The FXR agonist PX20606 reduces liver damage, fibrosis and portal hypertension in cirrhotic rats

P Schwabl; E Hambruch; BA Payer; TL Schubert; B Strobel; S Fida; M Wagner; L Garnys; M Trauner; M Peck-Radosavljevic; C Kremoser; T Reiberger

doi:10.1055/s-0035-1551790

Zeitschrift für Gastroenterologie, Inhaltsverzeichnis

The FXR agonist PX20606 reduces liver damage, fibrosis and portal hypertension in cirrhotic rats

P Schwabl ¹, E Hambruch ², BA Payer ¹, TL Schubert ¹, B Strobel ¹, S Fida ¹, M Wagner ¹, L Garnys ¹, M Trauner ¹, M Peck-Radosavljevic ¹, C Kremoser ², T Reiberger ¹

¹Division of Gastroenterology & Hepatology, Department of Internal Medicine III, Medical University of Vienna, Vienna, Austria
²Phenex Pharmaceuticals AG, Heidelberg, Germany

Abstract

Background: FXR agonism attenuates liver injury and cholestatic and metabolic liver disease. We tested the impact of the synthetic FXR agonist PX20606 (PX) on liver histology, inflammation and hemodynamics in a rodent model of toxic cirrhosis.

Methods: Cirrhosis was induced by carbontetrachloride (CCl4) administration for 12 weeks in Sprague Dawley rats. Controls received corn-oil. PX (10 mg/kg/day) or placebo were gavaged daily from week 4. Blood was sampled at week 11. After 12 weeks, mean arterial pressure (MAP), heart rate (HR), portal pressure (PP) and superior mesenteric artery blood flow (SMABF) were measured. Liver fibrosis was assessed by Sirius Red area (SRA) and content of hydroxyproline (HP), collagen-I (Col1) and α-smooth muscle actin (αSMA). Expression of fibrogenic genes was quantified by qRT-PCR.

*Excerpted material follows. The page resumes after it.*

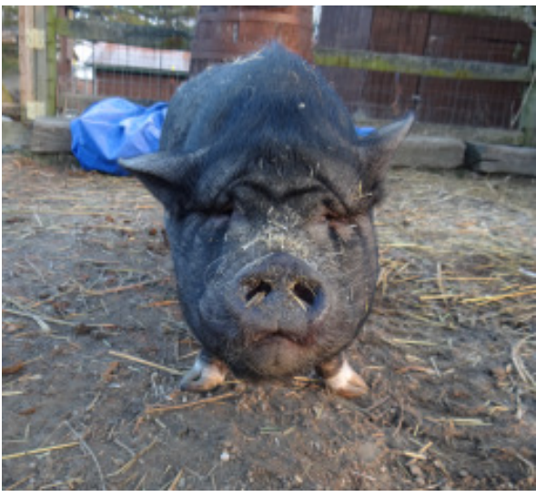
Why yes it is a beautiful day out. I thought I'd go for a stroll around the sanctuary and vist some friends. Walks help my arthritis you know.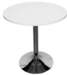
D1 – Round Table Chrome (D=80, H=80cm)

Results: CCl4 rats presented with marked cirrhosis, elevated transaminases and portal hypertension. In CCl4 rats, PX treatment significantly ameliorated fibrosis (SRA: 6.99 ± 3.15 vs. 3.97 ± 1.64%; p < 0.001 HP: 415 ± 86 vs. 134 ± 14 µg/g; p = 0.002) and reduced Col1 (12.28 ± 1.78 vs. 4.93 ± 0.28; p < 0.05) and αSMA (7.78 ± 1.41 vs. 2.08 ± 0.49; p < 0.05) expression. Accordingly AST (555 ± 30 vs. 227 ± 83 IU/ml; p < 0.001) and ALT (538 ± 233 vs. 193 ± 86 IU/ml; p = 0.008) significantly decreased under PX treatment, while plasma cholesterol and triglycerides levels remained unaffected. PX treatment significantly decreased PP (11.9 ± 1.4 vs. 9.7 ± 1.4 mmHg; p = 0.037) and increased SMABF (8.88 ± 2.62 vs. 13.81 ± 2.81 ml/min/100 g; p = 0.021), while not affecting MAP (125 ± 14 vs. 116 ± 25 mmHg) nor HR (330 ± 29 vs. 333 ± 52bpm). Livers of CCl4-PX rats significantly overexpressed FXR target genes including bile salt export pump (2.5 x), small heterodimer partner (2.3 x), cystathionase (2.1 x) and dimethylargininase (1.7 x). Gene expression of endothelin-1 (0.45), PDGF-Rβ (0.51 x) and αSMA (0.61 x) was significantly reduced.

Conclusions: PX20606 treatment effectively reduces hepatic inflammation, fibrogenesis and portal pressure in cirrhotic rats.